All that is needed is an exact copy of the lines from the beginning of the data below through the line containing "Picture a large, boho-inspired", minus the pictures.

[Materials provided — start]

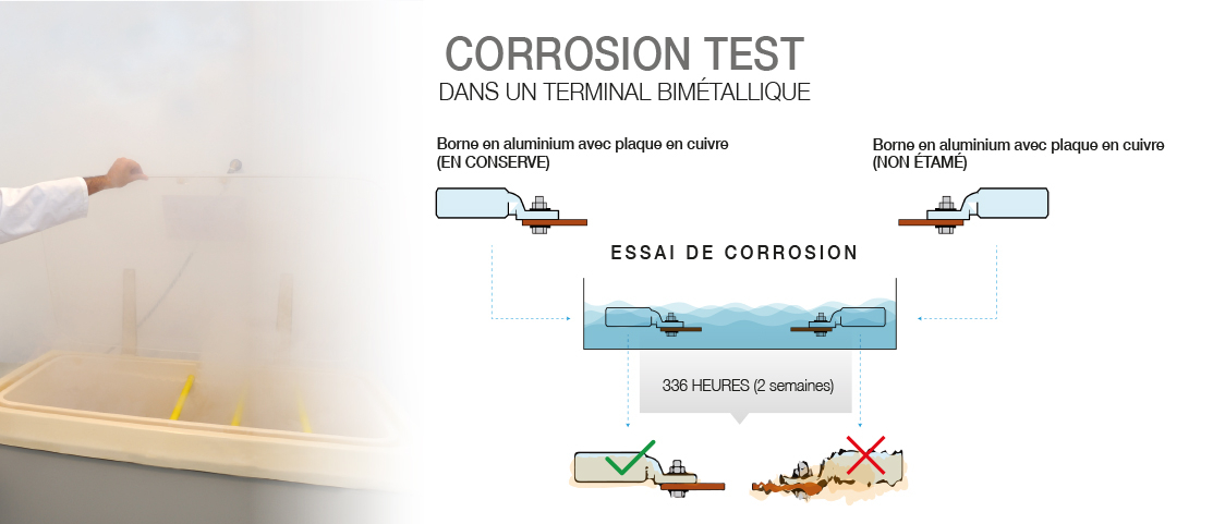 En conclusion, choisir un bon connecteur électrique est essentiel pour garantir l'efficience et la sécurité des installations électriques. Il convient de prendre en compte des facteurs tels que le matériau, le diamètre, le type de câble et la corrosion galvanique afin de choisir le connecteur adéquat. Les connecteurs bimétalliques sont réputés pour leur capacité à résister à la corrosion et pour leur polyvalence dans différentes applications. Notre cosse exclusive TDC/S est une option parfaite pour les applications bimétalliques, puisqu'elle est revêtue d'une couche d'étain. L'étain se trouve entre l'aluminium et le cuivre dans la série galvanique et agit comme une couche protectrice entre ces deux métaux. L'application de la couche d'étain, au moyen d'un bain électrolytique, empêche l'union directe entre l'aluminium et le cuivre, prévenant ainsi la réaction chimique. En tenant compte de ces aspects et en choisissant des connecteurs de qualité, il est possible de garantir un rendement optimum et une durée de vie plus longue du système électrique. |
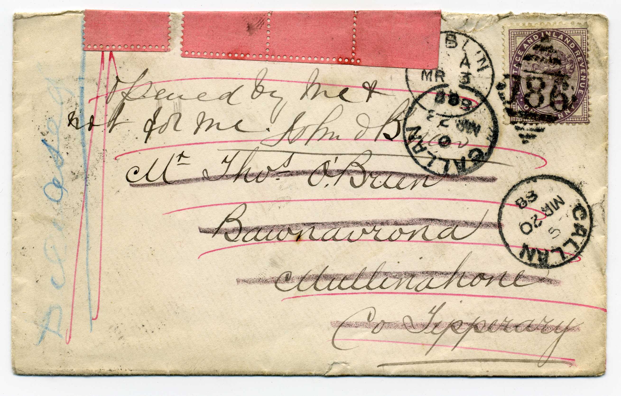 PH007.5154 Image | 1888 Re Directed Cover from Dublin to Mullinahone bearing Dublin Duplex and backstamps of Mullinahone and Callan
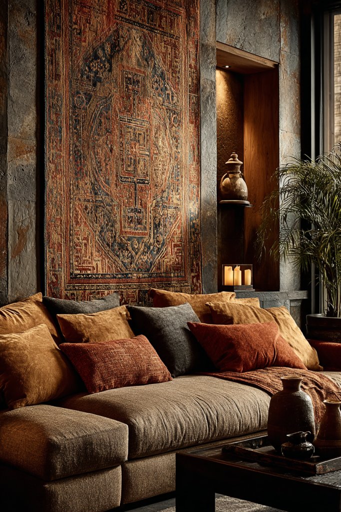 Picture a large, boho-inspired tapestry with intricate patterns hanging behind your sofa. The fabric’s rich textures and vibrant colors soften the room’s edges, creating a relaxed, welcoming vibe. Light filters through the textile, casting gentle shadows and adding a sense of depth. The tactile surface invites touch and adds visual warmth to your decor.
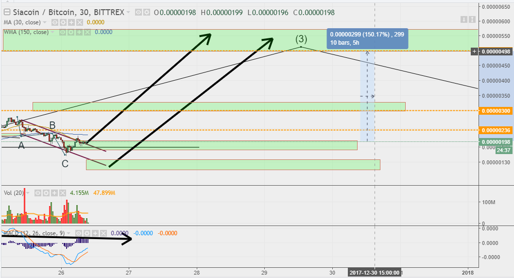 Como se pude ver en la imagen ya esta rompiendo el canal bajista, debido a la formación de un ABC si se cumple hablando de una operación de swing trading podría darnos hasta un 150% de Ganancia, Por el contrario si sigue bajando buscaríamos comprar en la zona de los 120-130 satoshis por unidad. Si llega a bajar a esa zona buscaríamos un patrón ABCDE o mejor dicho WXYXZ.
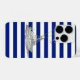 En silver-krom som en fiskebåt på en marin blå rand-deka. En modern nautisk gåva.

[Materials provided — finish]

_Task answer:_
 En conclusion, choisir un bon connecteur électrique est essentiel pour garantir l'efficience et la sécurité des installations électriques. Il convient de prendre en compte des facteurs tels que le matériau, le diamètre, le type de câble et la corrosion galvanique afin de choisir le connecteur adéquat. Les connecteurs bimétalliques sont réputés pour leur capacité à résister à la corrosion et pour leur polyvalence dans différentes applications. Notre cosse exclusive TDC/S est une option parfaite pour les applications bimétalliques, puisqu'elle est revêtue d'une couche d'étain. L'étain se trouve entre l'aluminium et le cuivre dans la série galvanique et agit comme une couche protectrice entre ces deux métaux. L'application de la couche d'étain, au moyen d'un bain électrolytique, empêche l'union directe entre l'aluminium et le cuivre, prévenant ainsi la réaction chimique. En tenant compte de ces aspects et en choisissant des connecteurs de qualité, il est possible de garantir un rendement optimum et une durée de vie plus longue du système électrique. |
 PH007.5154 Image | 1888 Re Directed Cover from Dublin to Mullinahone bearing Dublin Duplex and backstamps of Mullinahone and Callan
 Picture a large, boho-inspired tapestry with intricate patterns hanging behind your sofa. The fabric’s rich textures and vibrant colors soften the room’s edges, creating a relaxed, welcoming vibe. Light filters through the textile, casting gentle shadows and adding a sense of depth. The tactile surface invites touch and adds visual warmth to your decor.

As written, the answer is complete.